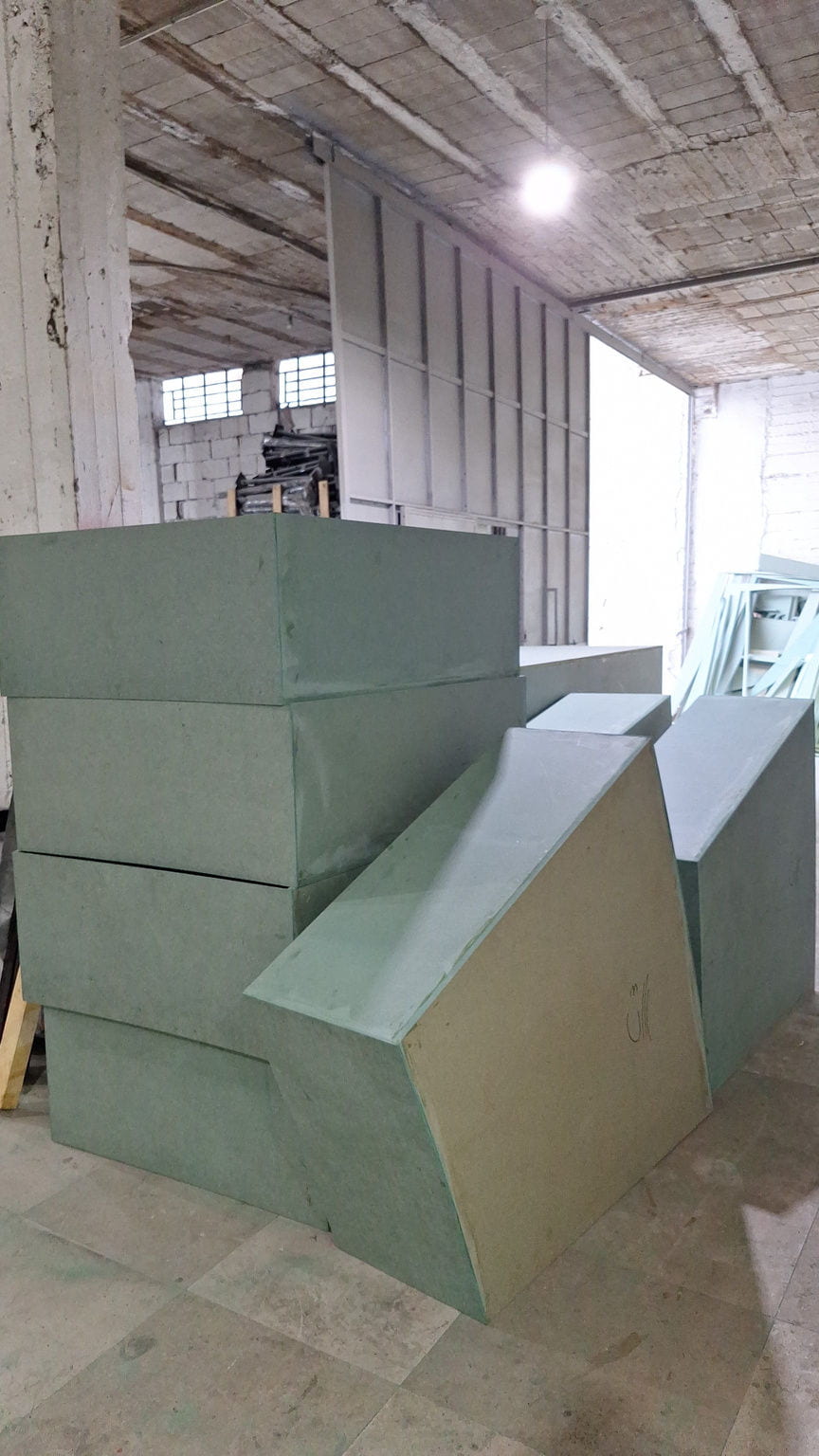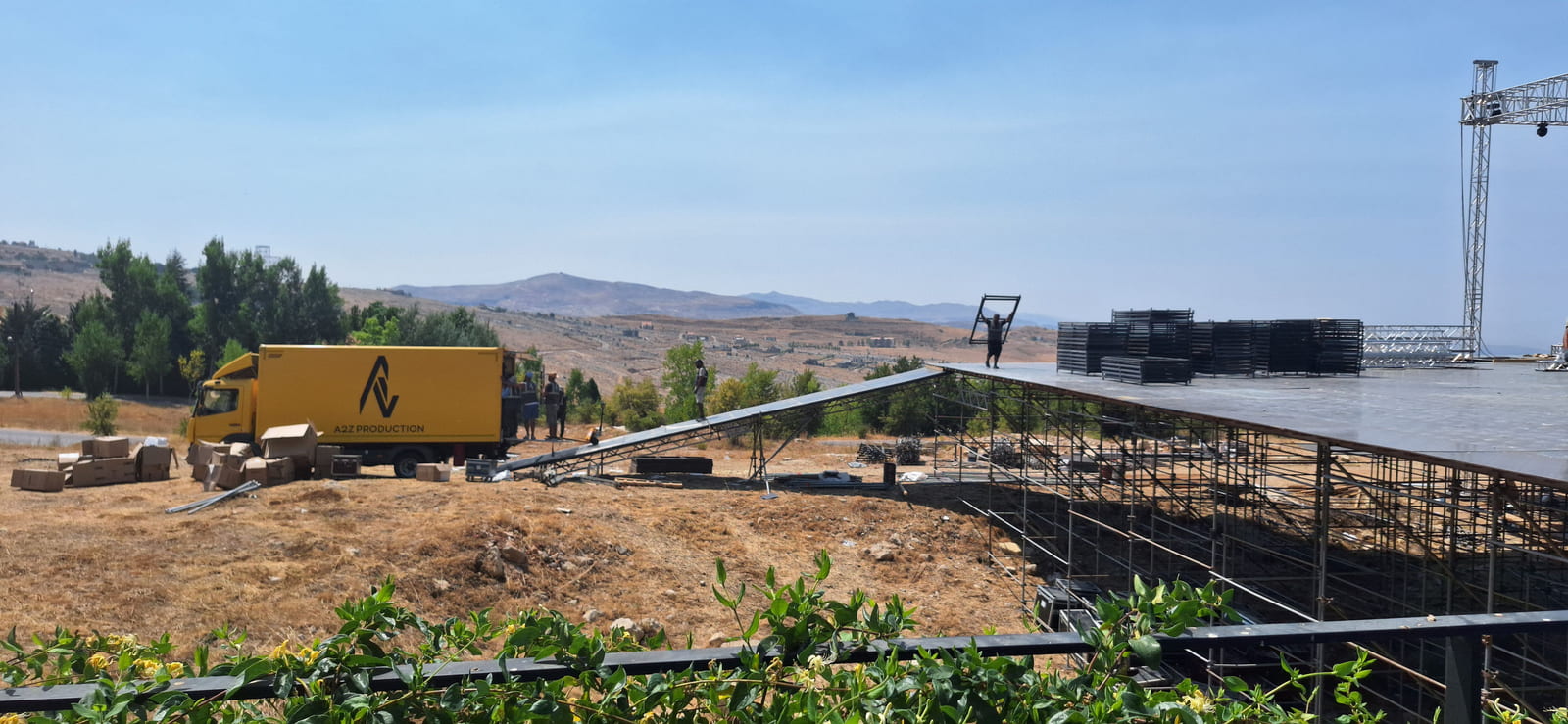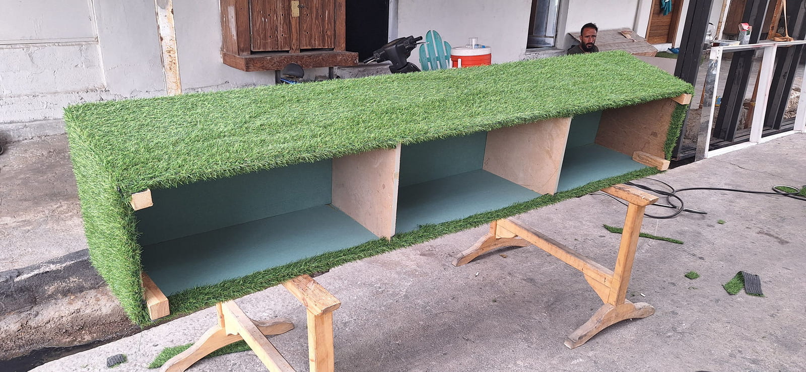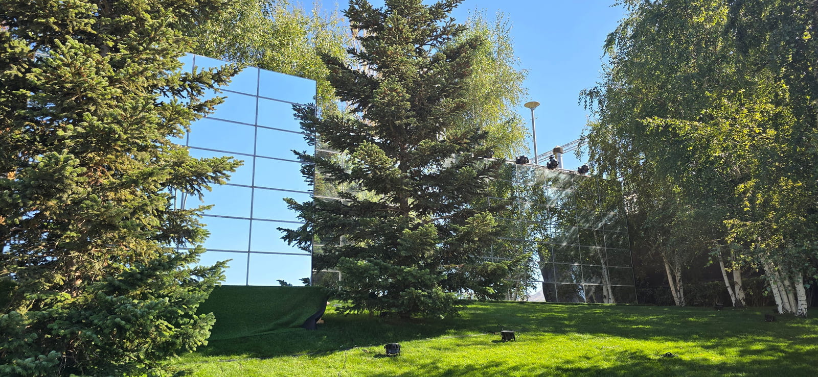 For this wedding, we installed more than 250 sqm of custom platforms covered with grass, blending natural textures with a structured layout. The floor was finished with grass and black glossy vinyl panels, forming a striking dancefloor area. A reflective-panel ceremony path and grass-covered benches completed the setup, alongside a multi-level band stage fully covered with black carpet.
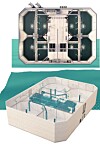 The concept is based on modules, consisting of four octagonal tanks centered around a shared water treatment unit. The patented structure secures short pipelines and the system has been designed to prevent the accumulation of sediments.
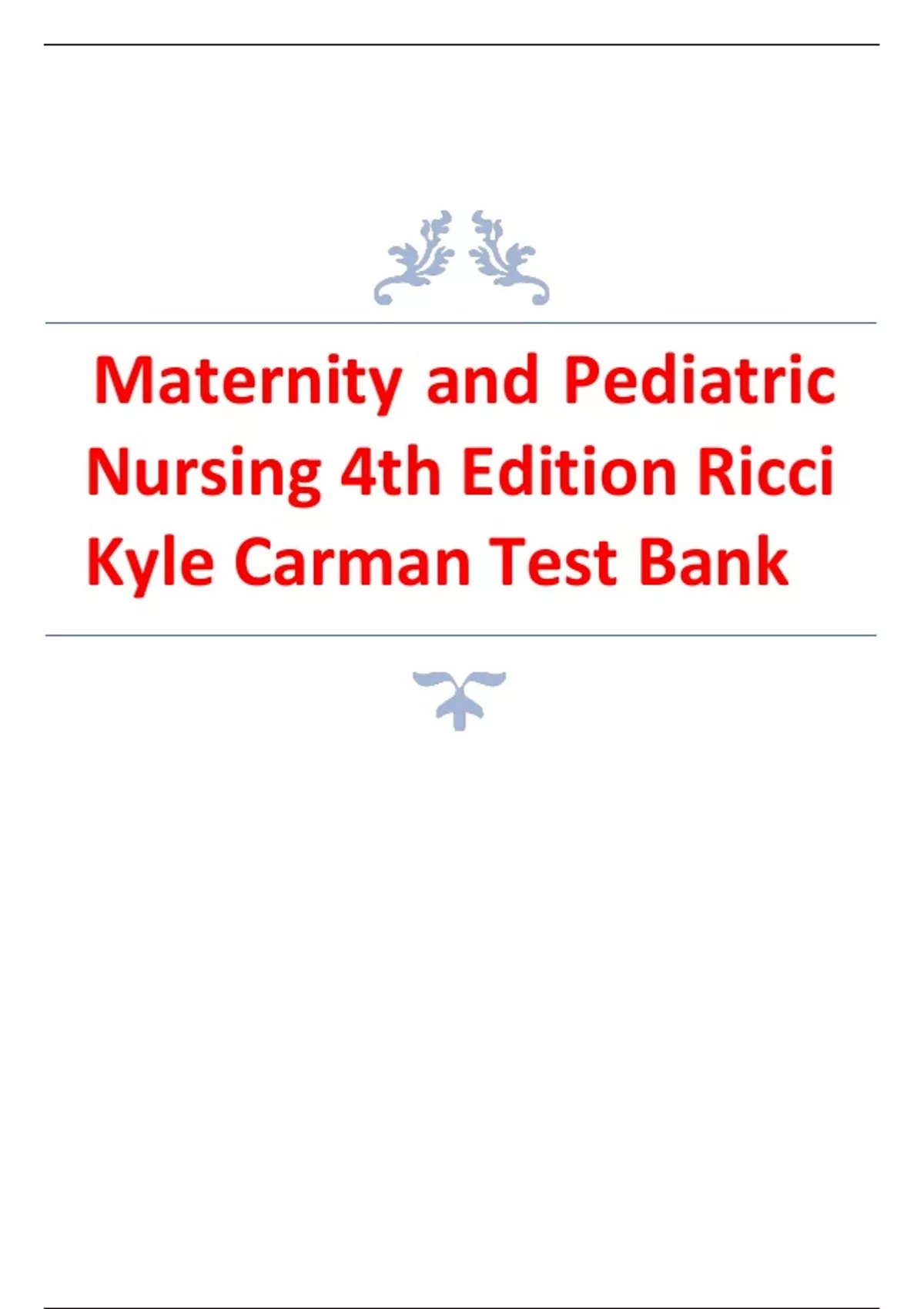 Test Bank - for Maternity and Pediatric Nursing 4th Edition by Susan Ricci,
+++++
For this exercise, retype the data above exactly and skip every image.

 For this wedding, we installed more than 250 sqm of custom platforms covered with grass, blending natural textures with a structured layout. The floor was finished with grass and black glossy vinyl panels, forming a striking dancefloor area. A reflective-panel ceremony path and grass-covered benches completed the setup, alongside a multi-level band stage fully covered with black carpet.
 The concept is based on modules, consisting of four octagonal tanks centered around a shared water treatment unit. The patented structure secures short pipelines and the system has been designed to prevent the accumulation of sediments.
 Test Bank - for Maternity and Pediatric Nursing 4th Edition by Susan Ricci,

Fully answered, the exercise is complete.